Astronomers captured vivid, sharper images of the night sky using a new camera developed by the University of Arizona, the Arcetri Observatory near Florence, Italy and the Carnegie Observatory.

Researchers have been developing the camera technology for more than 20 years.  The new adaptive optics system is called MagAO for "Magellan Adaptive Optics," according to a news release.  The technology was published in three scientific papers in the Astrophysical Journal.

"It was very exciting to see this new camera make the night sky look sharper than has ever before been possible," UA astronomy professor Laird Close, the project's principal scientist, said in a news release. "We can, for the first time, make long-exposure images that resolve objects just 0.02 arcseconds across - the equivalent of a dime viewed from more than a hundred miles away. At that resolution, you could see a baseball diamond on the moon."

According to a news release, the University was able for the first time to use a telescope "with a large diameter primary mirror is being used for digital photography at its theoretical resolution limit in visible wavelengths - light that the human eye can see."

"As the system was being tested and received what astronomers call "first light," the team pointed it to a famous and well-studied massive star that gives the Great Orion Nebula (Object M42) most of its UV light," the University said.  "The Orion Nebula, located just below Orion's Belt visible as smudge of light even with regular binoculars."

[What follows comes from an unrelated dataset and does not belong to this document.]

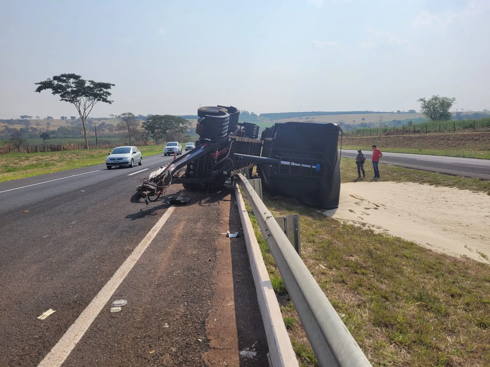 A carreta estava carregada com açúcar e parte da carga ficou espalhada no canteiro. Ainda segundo a polícia, o motorista da carreta não ficou ferido e a pista foi liberada. As causas do acidente devem ser investigadas.

The images taken with the new technology are reportedly twice as sharp as images taken with the Hubble Space Telescope.  Inside the camera is a 21-foot diameter mirror, larger than what can be found in the Hubble or Magellan telescope.

"As we move towards shorter wavelengths, image sharpness improves," said Jared Males, a NASA Sagan Fellow at the UA's department of astronomy. "Until now, large telescopes could make the theoretically sharpest photos only in infrared - or long wavelength - light, but our new camera can take photos that are twice as sharp in the visible light spectrum."